ID #1105 Clinical, molecular, and therapeutic landscape of pediatric high-grade gliomas: a nationwide 25-year study
Pierluigi Calò, Julie Morscio, Chiara Caprioli, Raf Sciot, Lukas Marcelis, Bart Depreitere, An Van Damme, Anais Fohn, Christophe Chantrain, Leen Willems, Joris Verlooy, Frederik De Smet, Sandra JacobsAbstract
Pediatric high-grade pediatric gliomas (pHGG) and particularly diffuse midline gliomas (DMG), remain among the most lethal pediatric brain tumors. Their intrinsic resistance to radiotherapy and systemic treatments result in dismal outcome, with limited progress over the past two decades. We conducted a nationwide retrospective study across the seven Belgian pediatric oncology centers and collected data for all patients aged 0–18 years diagnosed with radiological and/or histological pHGG between January 2000 and December 2024. A total of 191 patients have been included, with a median follow-up time of 117.9 months (95% CI, 89.5- 204.2).
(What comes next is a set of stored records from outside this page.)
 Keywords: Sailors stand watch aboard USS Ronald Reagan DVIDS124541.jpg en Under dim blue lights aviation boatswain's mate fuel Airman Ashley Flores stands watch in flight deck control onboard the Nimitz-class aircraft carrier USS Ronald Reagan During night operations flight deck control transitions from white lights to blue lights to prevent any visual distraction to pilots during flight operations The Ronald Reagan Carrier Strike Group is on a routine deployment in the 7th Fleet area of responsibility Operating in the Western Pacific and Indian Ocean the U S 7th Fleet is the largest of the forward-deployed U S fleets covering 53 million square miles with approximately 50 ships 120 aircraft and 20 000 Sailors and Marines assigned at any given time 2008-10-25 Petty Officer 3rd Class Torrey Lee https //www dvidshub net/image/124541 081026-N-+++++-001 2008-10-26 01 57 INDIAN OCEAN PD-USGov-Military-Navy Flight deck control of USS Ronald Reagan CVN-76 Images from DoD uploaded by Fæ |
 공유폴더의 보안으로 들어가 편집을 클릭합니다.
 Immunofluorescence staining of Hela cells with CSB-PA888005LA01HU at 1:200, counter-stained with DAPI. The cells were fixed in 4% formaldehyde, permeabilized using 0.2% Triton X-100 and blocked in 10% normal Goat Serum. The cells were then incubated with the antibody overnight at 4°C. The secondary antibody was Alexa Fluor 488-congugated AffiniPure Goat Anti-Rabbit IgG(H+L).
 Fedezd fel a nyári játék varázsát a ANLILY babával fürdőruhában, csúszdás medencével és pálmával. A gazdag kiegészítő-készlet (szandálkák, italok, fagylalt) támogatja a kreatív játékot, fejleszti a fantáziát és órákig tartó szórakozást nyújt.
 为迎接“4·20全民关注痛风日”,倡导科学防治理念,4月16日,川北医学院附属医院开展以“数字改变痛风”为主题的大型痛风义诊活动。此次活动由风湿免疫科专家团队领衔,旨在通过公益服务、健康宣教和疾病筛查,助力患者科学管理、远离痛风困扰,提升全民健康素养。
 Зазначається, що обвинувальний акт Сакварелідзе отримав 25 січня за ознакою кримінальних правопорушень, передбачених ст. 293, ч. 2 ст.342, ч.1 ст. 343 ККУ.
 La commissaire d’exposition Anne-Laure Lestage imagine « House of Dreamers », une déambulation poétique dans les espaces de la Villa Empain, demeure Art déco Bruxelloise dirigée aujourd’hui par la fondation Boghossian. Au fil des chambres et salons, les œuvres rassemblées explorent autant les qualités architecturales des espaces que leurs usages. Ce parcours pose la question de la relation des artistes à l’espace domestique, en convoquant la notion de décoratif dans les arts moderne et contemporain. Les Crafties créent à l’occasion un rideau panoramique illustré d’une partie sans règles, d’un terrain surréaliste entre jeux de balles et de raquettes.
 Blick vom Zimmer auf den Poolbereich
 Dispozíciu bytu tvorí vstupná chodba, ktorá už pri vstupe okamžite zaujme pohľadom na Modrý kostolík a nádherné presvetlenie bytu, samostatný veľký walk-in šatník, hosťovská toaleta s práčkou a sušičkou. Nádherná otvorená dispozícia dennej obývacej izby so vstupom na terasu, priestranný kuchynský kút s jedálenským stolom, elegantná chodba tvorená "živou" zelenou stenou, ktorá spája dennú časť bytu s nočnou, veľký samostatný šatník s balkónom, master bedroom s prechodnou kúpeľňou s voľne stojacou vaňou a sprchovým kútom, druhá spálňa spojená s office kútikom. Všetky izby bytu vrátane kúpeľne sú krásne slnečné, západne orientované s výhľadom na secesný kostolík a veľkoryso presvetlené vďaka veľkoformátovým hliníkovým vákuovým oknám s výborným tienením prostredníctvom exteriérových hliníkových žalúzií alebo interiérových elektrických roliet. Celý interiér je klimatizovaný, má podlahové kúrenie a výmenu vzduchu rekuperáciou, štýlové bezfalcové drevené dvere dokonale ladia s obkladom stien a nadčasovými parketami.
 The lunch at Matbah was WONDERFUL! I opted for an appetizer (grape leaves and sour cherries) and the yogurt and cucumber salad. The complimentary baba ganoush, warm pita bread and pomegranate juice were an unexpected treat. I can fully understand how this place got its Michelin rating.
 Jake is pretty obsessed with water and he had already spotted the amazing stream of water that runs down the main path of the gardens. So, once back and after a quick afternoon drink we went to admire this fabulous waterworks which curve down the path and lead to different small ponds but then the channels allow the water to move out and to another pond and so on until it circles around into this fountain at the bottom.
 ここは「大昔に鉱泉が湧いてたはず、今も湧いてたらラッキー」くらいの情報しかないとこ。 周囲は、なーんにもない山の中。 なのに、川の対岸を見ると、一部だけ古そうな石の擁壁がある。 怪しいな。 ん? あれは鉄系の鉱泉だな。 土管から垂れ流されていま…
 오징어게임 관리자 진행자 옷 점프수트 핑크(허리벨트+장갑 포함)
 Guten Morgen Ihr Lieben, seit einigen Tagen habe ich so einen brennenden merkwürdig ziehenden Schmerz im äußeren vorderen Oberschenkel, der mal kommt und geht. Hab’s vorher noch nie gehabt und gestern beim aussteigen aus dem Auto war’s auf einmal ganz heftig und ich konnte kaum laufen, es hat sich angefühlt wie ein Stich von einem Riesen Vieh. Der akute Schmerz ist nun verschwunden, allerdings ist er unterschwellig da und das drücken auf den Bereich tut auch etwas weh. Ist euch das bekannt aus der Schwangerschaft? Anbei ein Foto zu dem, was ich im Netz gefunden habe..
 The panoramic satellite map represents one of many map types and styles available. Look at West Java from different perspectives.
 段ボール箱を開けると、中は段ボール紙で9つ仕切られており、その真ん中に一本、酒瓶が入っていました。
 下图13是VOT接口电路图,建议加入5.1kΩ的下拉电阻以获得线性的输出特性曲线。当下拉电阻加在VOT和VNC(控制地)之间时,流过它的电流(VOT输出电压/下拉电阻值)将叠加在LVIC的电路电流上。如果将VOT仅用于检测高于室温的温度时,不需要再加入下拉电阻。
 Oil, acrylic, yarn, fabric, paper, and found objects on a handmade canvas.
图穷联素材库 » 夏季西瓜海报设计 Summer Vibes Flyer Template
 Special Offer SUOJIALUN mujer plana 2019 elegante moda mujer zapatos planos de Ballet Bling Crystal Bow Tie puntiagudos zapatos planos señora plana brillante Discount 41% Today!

The prevalence of a cancer predisposition syndrome (CPS) is 9%, with constitutional mismatch repair deficiency syndrome (CMMRD) being the most common syndrome, followed by Li and Fraumeni and Neurofibromatosis type 1. The molecular landscape is enriched with TP53 mutations (ten missense, six nonsenses, and three frameshift), H3F3A, PTEN, ATRX, CDKN2A, EGFR, ACVR1, NF1, BRCA2, and PDGFRA. Median overall survival was 11.4 months (10.3–13.1), with significantly worse outcomes for midline tumors compared to non-midline locations. Progression-free survival decreased markedly across subsequent treatment lines. Treatment strategies evolved over time, with a shift from intensive chemotherapy regimens toward targeted therapies, particularly in pontine DMG. Radiotherapy remained the mainstay of treatment, with increasing use of re-irradiation in recent years. Twenty short survivors (10.4%) and twelve long survivors (6.2%) were identified. More than sixteen different treatment lines have been proposed as first-line therapy; however, none of them prolonged survival. Among irradiated midline tumors, surgical treatment of hydrocephalus was associated with improved overall survival (HR 0.53, 95% CI 0.30–0.94, p = 0.031), whereas temozolomide-based chemotherapy and mTOR inhibitors did not retain independent prognostic significance. More than thirty biopsies are currently being analyzed for an in-depth multi-omics analysis, as part of the European GLIOMATCH project.